このように、「食べる」の謙譲語はひらがなにすると明確に言及しているのは新聞・マスコミ表記です。公用文の解説書では「食べる」の謙譲語を「頂く」にしているものもありました。ですから、公用文の立場であれば、食べる意味であっても「頂く」と書いてもいいかもしれません。
ただ、「もらう」の謙譲語と「食べる」の謙譲語・丁寧語の両方を「頂く」にすると、どちらの意味なのかわかりにくくなってしまいます。漢字とひらがなで書き分ければ、「お酒を頂いた」は「お酒をもらった」、「お酒をいただいた」は「お酒を飲んだ」というように違いが理解できます。もちろん、絶対にそうでなければならないということではありませんので、それぞれふさわしい表記を用いてくださいね。

言われてみれば、「お野菜を頂く」だと、野菜をもらった意味に感じるわね。
「いただく」とひらがなにする場合② 「補助動詞」の「いただく」
「いただく」は、別の動詞にくっついて補助的な働きをすることがあります。これを補助動詞といいます。補助動詞の場合は「いただく」とひらがなにします。「て」に続くことが多く、「~ていただく」というように用いられます。
・こちらに座っていただけますか。
・彼には親切にしていただいた。
・出席していただくことは可能でしょうか。
・有名な先生に教えていただけることになった。
「ご(お)~いただく」の形で用いられる謙譲表現について
あらたまった場においては、「ご助言いただきありがとうございます」や「ご提案いただいた件ですが」のような表現がよく使われますよね。これは、自分のために何かしてもらうことの謙譲表現で、「ご(お)~いただく」の形で用いられます。
「助言」や「提案」というものは「する」ものですので、「助言していただきありがとうございます」というところですが、「ご」や「お」が入って、「して」や「て」が抜けたんですね。ですので、「いただく」は補助動詞になりますのでひらがなで書きます。
・ご手配いただく (手配してもらう)
・ご心配いただく (心配してもらう)
・ご提案いただく (提案してもらう)
J
・お褒めいただく (褒めてもらう)
・お招きいただく (招いてもらう)
・お知らせいただく(知らせてもらう)
・お掛けいただく (掛けていただく)
否定形の「いただけない」もひらがなにしましょう
「いただく」を否定形で「いただけない」として、「感心しない」「評価できない」という意味で用いたりもします。
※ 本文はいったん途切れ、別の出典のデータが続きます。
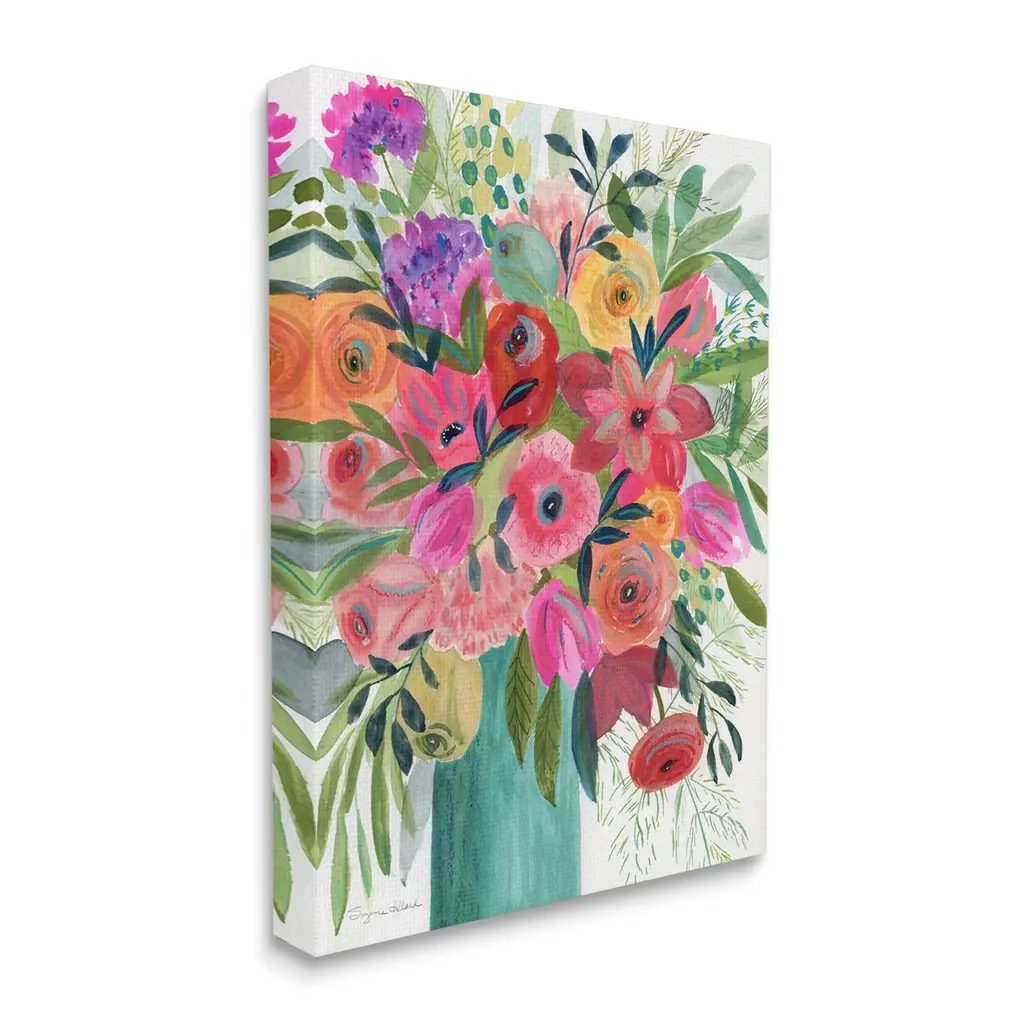 We create our stretched canvas to the highest standards. Using only the highest quality inks and canvas on Mimaki printers, we hand-cut and stretch each piece over a 1.5-inch thick wooden frame for hanging. As a result, the art comes ready to hang on the sturdy ledge with no installation required. Stupell Wall Art is made in the USA.Features: Dimensions: 16 x 1.5 x 20 InchesStretched Canvas Sizes Include Standard: 16 x 1.5 x 20 Large: 20 x 1.5 x 30 X-Large: 30 x 1.5 x 40 Oversized: 36 x 1.5 x 48Wall Art is Ready to Hang - No Installation or Hardware Needed. For Easy Set Up Lean or Layer Artwork on Shelf or Against Wall.Our stretched canvas is created with the highest standards. We use only the highest quality inks and canvas on our in house Mimaki printers, and then hand cut and stretch each piece over a 1.5 inch thick wooden frame for hanging. Made In USA.Artwork Relates To: Modern, Painting, Pattern, Collage, Flower, Floral, Botanical, Abstract, ModernDesign by Suzanne Allard

「その案はいただけない」などの場合ですね。このように、本来の意味とは異なった用い方の場合にはひらがなで「いただけない」とひらがなで表記してください。
・収益は上がっても、やり方がいただけない。
・いくら不満があるからって、その言い方はいただけない。
否定的な意味合いで用いる際にひらがなにする表記はほかにもあります。例えば「悪事をはたらく」とか「息子をかたる詐欺」などの場合です。これらは漢字の持つ本来の意味から離れてしまっているためにひらがなで表記するんですね。

「いただく」っていろんな使い方があって、ちょっと勉強になった気がする。
まとめ
「モノ」であれば「頂く」でよいのですが、「努力いただきたい」など、モノではない場合は「して」が隠れていないかどうかが補助動詞かどうかの判断のポイントですね。あまり神経質になる必要はないかもしれませが、一応の判断基準を押さえておくと迷わなくなるのではないかと思います。